Collected data
╭──
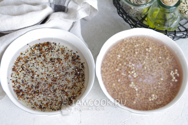 Обе крупы залить водой и оставить на столе на 8-10 часов. Я замачивала крупы на ночь.
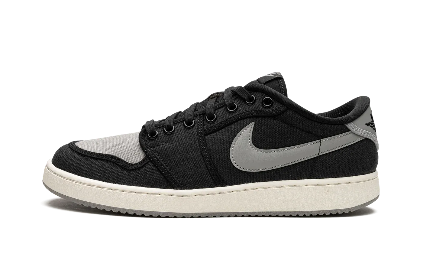The Jordan 1 KO Low "Shadow" is a colorway of the low-top edition of the classic basketball shoe inspired by an original Air Jordan 1 colorway. The shoe we're referring to is the Jordan 1 High "Shadow," an original colorway of the retro basketball sneaker that debuted in 1985. The Jordan 1 Low KO features a similar color scheme to the iconic, OG "Shadow" Jordan 1. The shoe has a Medium Grey canvas base with black canvas overlays and a Medium Grey leather Swoosh. A black "Wings" style "AJKO" logo appears on the grey leather heel tab and a grey "Nike" logo is found on the tongue. The Jordan 1 KO Low rides on the same midsole as the Nike Vandal, and is designed in a vintage-inspired cream hue here. Release date: May 1, 2023
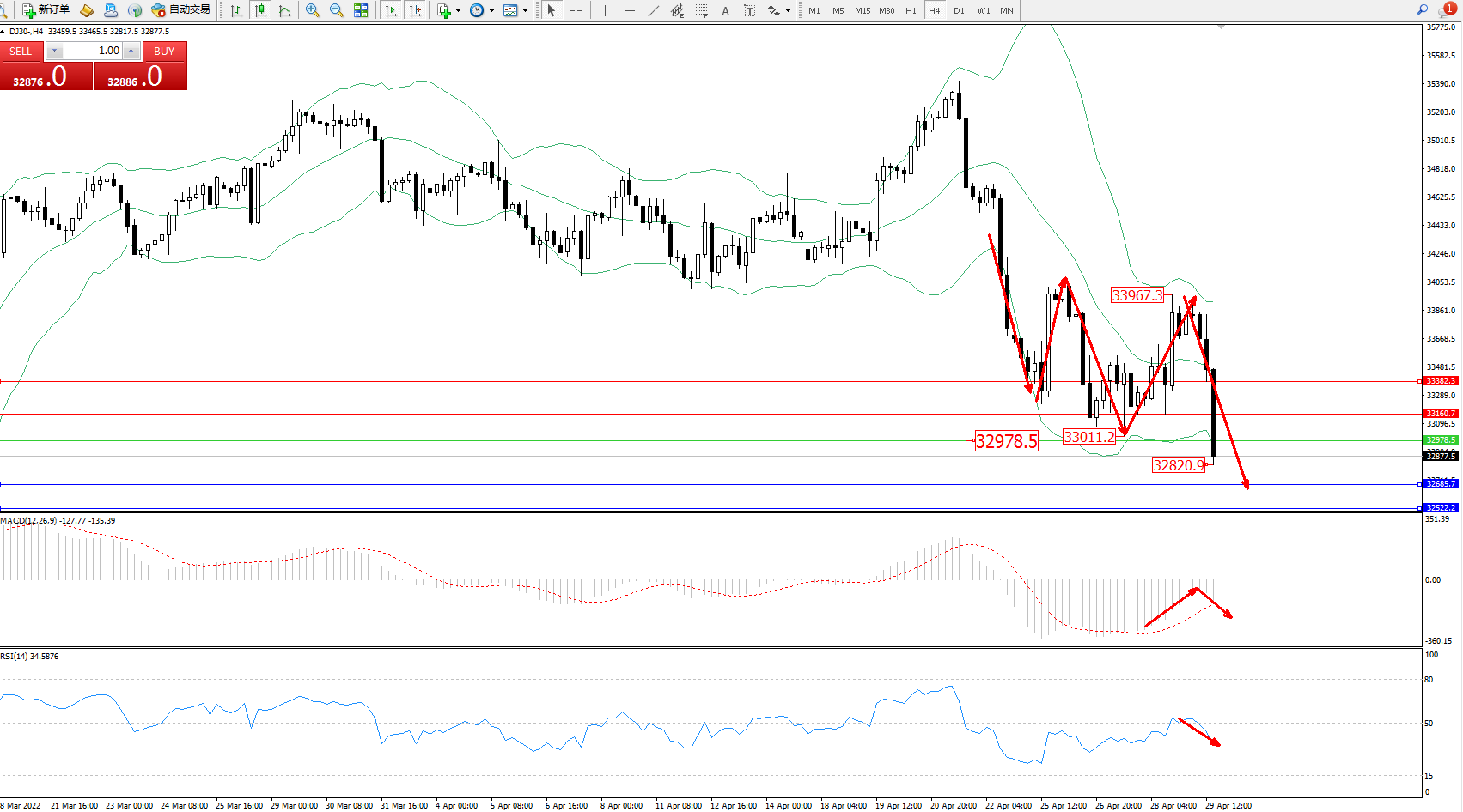 道琼斯指数4月29日(周五)收盘下跌970.77点,跌幅2.86%,报32945.62点;美股三大股指集体低收,道指收跌近千点。投资者越来越担心美国利率上升、乌克兰战争和新冠疫情恶化可能对全球经济复苏产生的影响。随着波动飙升和越来越多的利空消息回荡,这已经成了一个典型的短线交易市场,科技公司的前瞻放大了市场对美联储变得更加鹰派的担忧,再加上仍然棘手的供应链问题,另外能源价格上涨使美联储“软着陆”的希望变得更加渺茫。
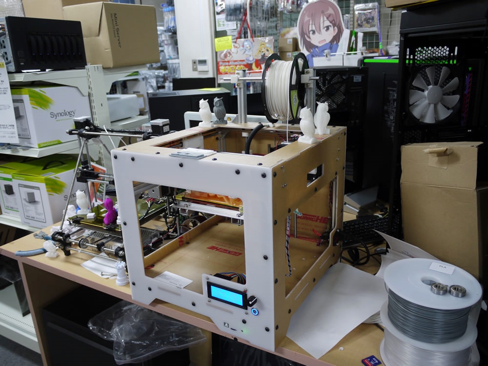 3D プリンターは、オリオスペック 協力のもと「3D PRINTER REPRAP PROFESSIONAL」です。 プリンターの上にプリントしたロゴがのっています。
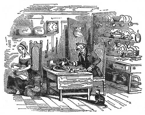 I’m really wondering just what Mrs Quilp sees in her husband (perhaps big things do come in small packages). Chapter 50 finds them at home, but by no means on congenial terms. Quilp leaves their shared home for his bachelor’s pad after the fallout from his premature wake. Mrs Quilp sobs at his departure and sobs again next day as she “earnestly” begs him to return home. Classic case of sadism and masochism – different strokes for different folks I guess.
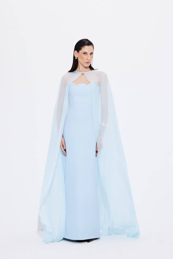 VESTIDO LONGO TOMARA QUE CAIA ONDAS COM CAPA
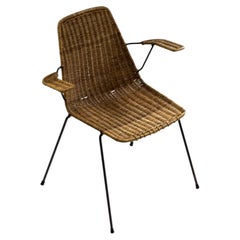 Sedia italiana di mid-century in vimini e ferro, attribuita a Gian Franco Legler, anni '50
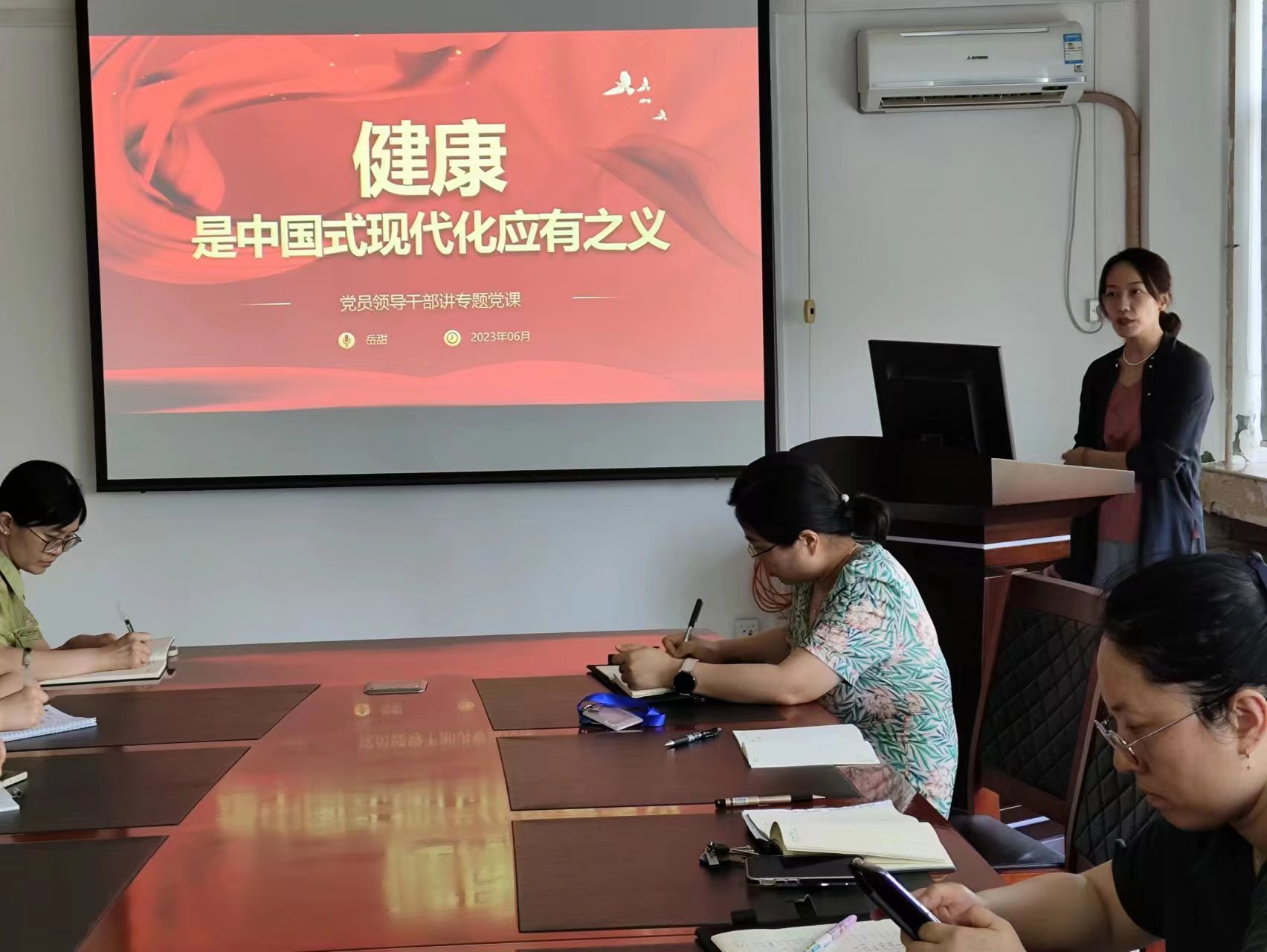 会议第二部分由党政领导干部讲授专题党课,学院党委副书记岳甜进行“健康是中国式现代化应有之义”专题党课,岳书记以抗击疫情中的榜样实例勉励支部党员,要不断提升科研能力,坚定专业自信,争做赋能当代公共卫生系统的中流砥柱,积极为打造一流的疾病预防控制体系、不断提升综合防控能力贡献力量,为中国式现代化建设保驾护航,义无反顾地投身到推进健康中国建设、促进全民健康的洪流之中,建功立业、作出贡献!
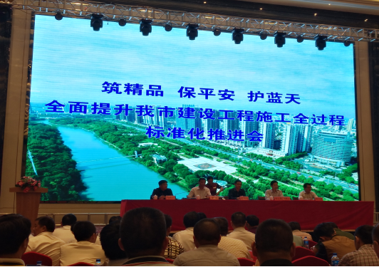 现场观摩会后返回主会场永泰大酒店,通过观看视频短片详细了解振兴·国悦府项目全过程质量标准化工作创建的施工现状。会议上,市住建委主任许明力发表讲话,高度赞扬了振兴·国悦府小区在创建安全质量标准化示范工地取得的成效,并就六安市当前建筑施工安全质量标准化工作形势做了深入分析,对我市各建筑施工企业实施全过程标准化建设的未来表达了殷切的期望。随后安徽振兴房地产集团高地置业董事长马启兵、安徽振兴建设董事长汪勇分别作了发言。
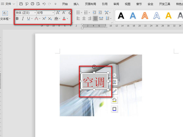 三、点击插入“文本框”后,接着在文本框内输入要进行添加水印的内容,输入后,再进行设置字体的颜色、大小等。
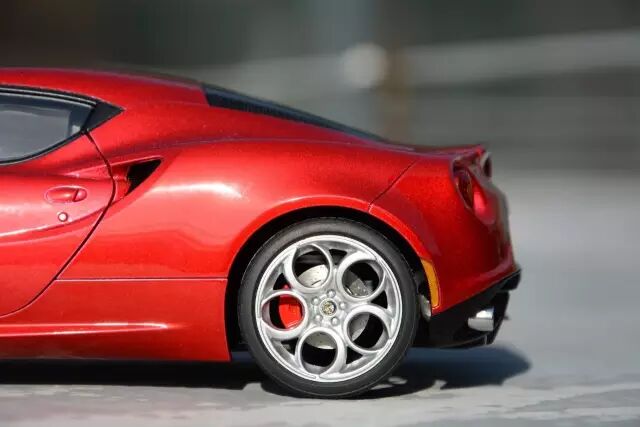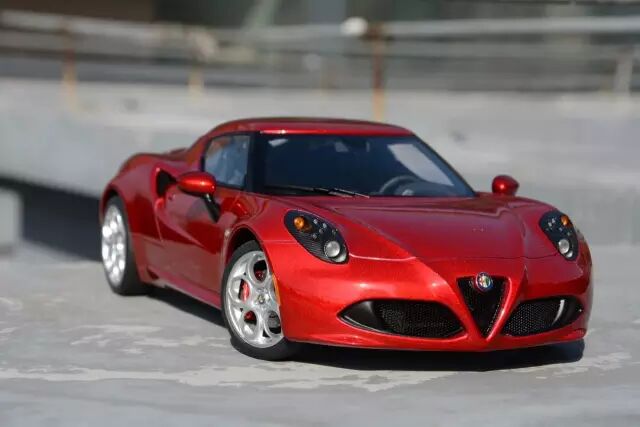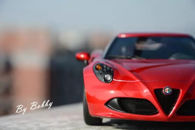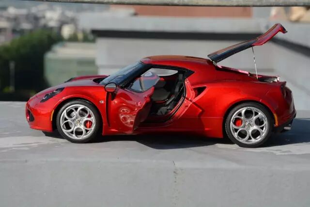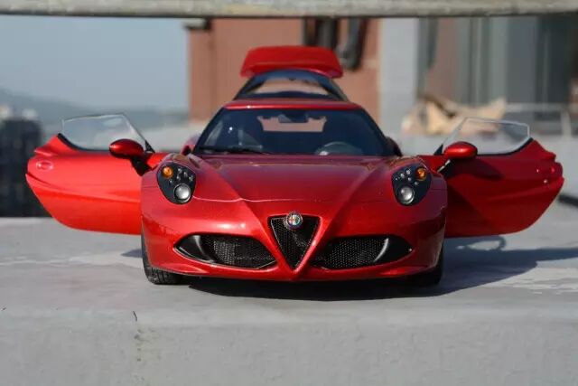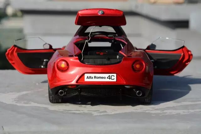 在性能车都在追求更大马力,更拉风外观的现代,阿尔法罗密欧反其道而行之,4C的1.75T直列四缸引擎,仅有200匹马力,但得益于碳纤一体式座舱,以及大量轻量化材料的运用,4C仅重895公斤。不需要很大的马力,不需要唬人的外观,4C这样一台轻量化的优雅性感跑车,同样能满足你的所有欲望!4C,来自亚平宁的妖娆,其极低的产量让世界上只有少数人能够拥有它的美丽,但是通过车模,我们还是能享受到那种如同真车的拥有感,这大概就是车模最大的乐趣所在。
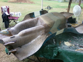 Next comes the body work. Found all spots where it was cracked broken or rubbed through and began to repair them. I used US composites epoxy resin and 3:1 hardener along with their woven roving glass cloth. I believe it was 9 oz cloth there or about anyway. If you have ever used any of there products before you know they work better than anything on the market. I cut the body at the seat and added 6 inches to seat and side areas.
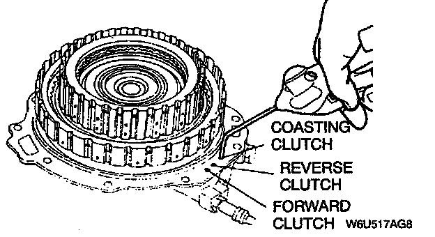 2. Inspect the clutch operation applying compressed air through the fluid passages shown.
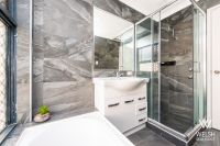 • Modern kitchen with stone benchtops
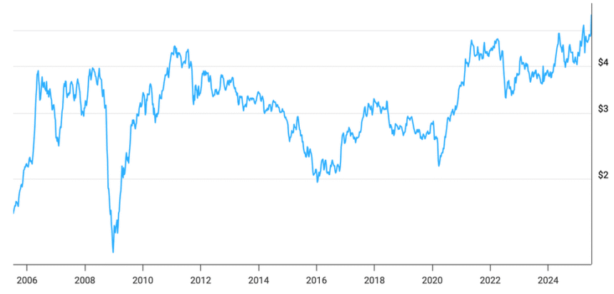 Taking a look back at historical price action, the copper price has had a wild ride for more than two decades.
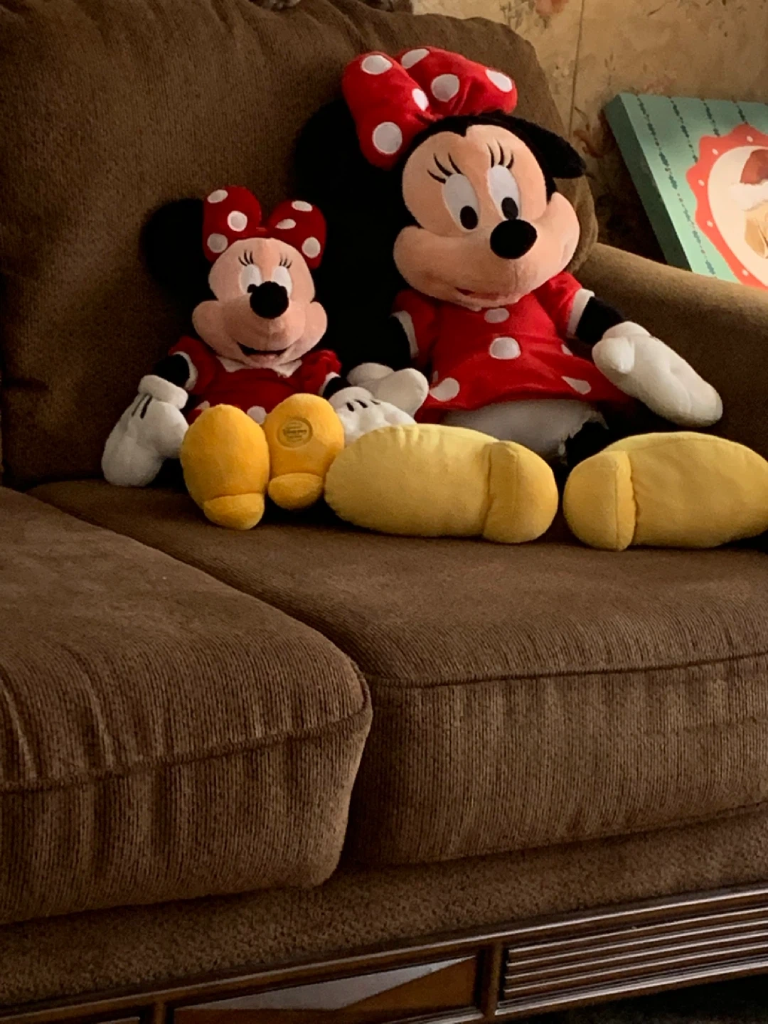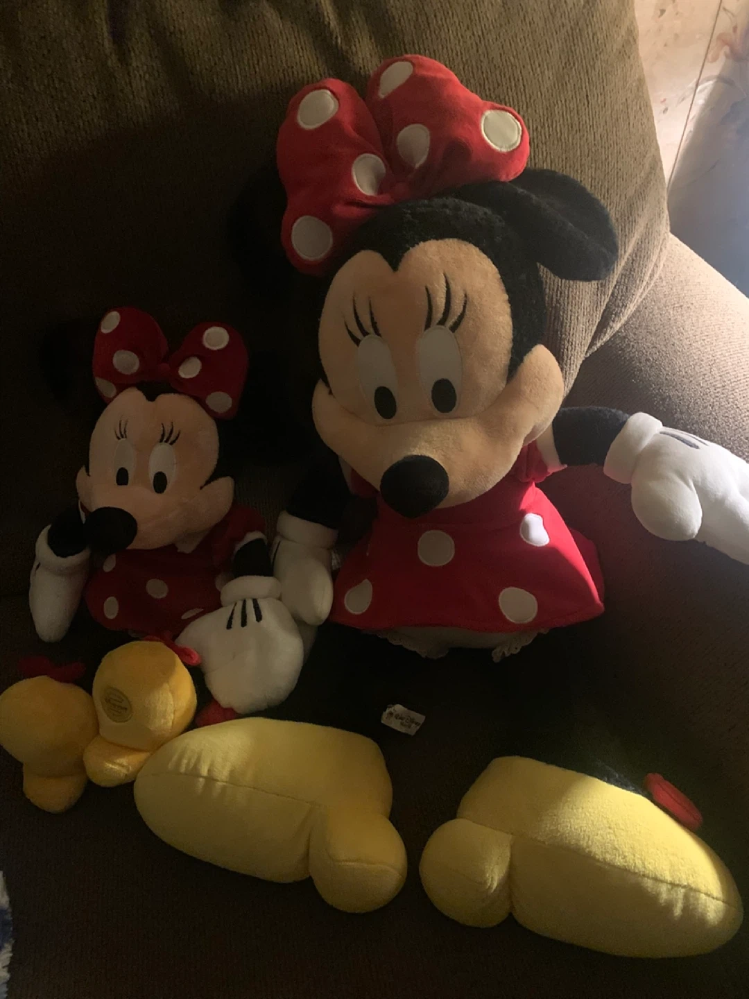 Two adorable Disney Minnie Mouse plush toys are ready for a new home. These soft and huggable pals are perfect for any fan. Both feature classic Minnie Mouse attire with red and white polka dots. Their bright yellow shoes add a cheerful touch!
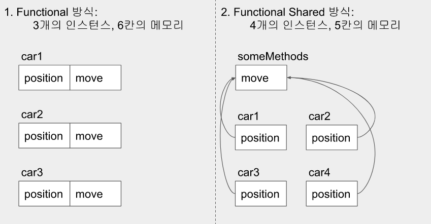 이전의 Functional 방식은 인스턴스를 생성할 때마다 모든 메소드를 someInstance에게 할당하므로, 각각의 인스턴스들이 메소드의 수 만큼의 메모리를 더 차지하기 때문이다.
╰──
__PROBLEM STATEMENT__:
Reproduce, with no pictures, the lines from the one containing "现场观摩会后返回主会场永泰大" to the end of the records above, exactly and inclusively.

__EXPECTED ANSWER__:
 现场观摩会后返回主会场永泰大酒店,通过观看视频短片详细了解振兴·国悦府项目全过程质量标准化工作创建的施工现状。会议上,市住建委主任许明力发表讲话,高度赞扬了振兴·国悦府小区在创建安全质量标准化示范工地取得的成效,并就六安市当前建筑施工安全质量标准化工作形势做了深入分析,对我市各建筑施工企业实施全过程标准化建设的未来表达了殷切的期望。随后安徽振兴房地产集团高地置业董事长马启兵、安徽振兴建设董事长汪勇分别作了发言。
 三、点击插入“文本框”后,接着在文本框内输入要进行添加水印的内容,输入后,再进行设置字体的颜色、大小等。
 在性能车都在追求更大马力,更拉风外观的现代,阿尔法罗密欧反其道而行之,4C的1.75T直列四缸引擎,仅有200匹马力,但得益于碳纤一体式座舱,以及大量轻量化材料的运用,4C仅重895公斤。不需要很大的马力,不需要唬人的外观,4C这样一台轻量化的优雅性感跑车,同样能满足你的所有欲望!4C,来自亚平宁的妖娆,其极低的产量让世界上只有少数人能够拥有它的美丽,但是通过车模,我们还是能享受到那种如同真车的拥有感,这大概就是车模最大的乐趣所在。
 Next comes the body work. Found all spots where it was cracked broken or rubbed through and began to repair them. I used US composites epoxy resin and 3:1 hardener along with their woven roving glass cloth. I believe it was 9 oz cloth there or about anyway. If you have ever used any of there products before you know they work better than anything on the market. I cut the body at the seat and added 6 inches to seat and side areas.
 2. Inspect the clutch operation applying compressed air through the fluid passages shown.
 • Modern kitchen with stone benchtops
 Taking a look back at historical price action, the copper price has had a wild ride for more than two decades.
 Two adorable Disney Minnie Mouse plush toys are ready for a new home. These soft and huggable pals are perfect for any fan. Both feature classic Minnie Mouse attire with red and white polka dots. Their bright yellow shoes add a cheerful touch!
 이전의 Functional 방식은 인스턴스를 생성할 때마다 모든 메소드를 someInstance에게 할당하므로, 각각의 인스턴스들이 메소드의 수 만큼의 메모리를 더 차지하기 때문이다.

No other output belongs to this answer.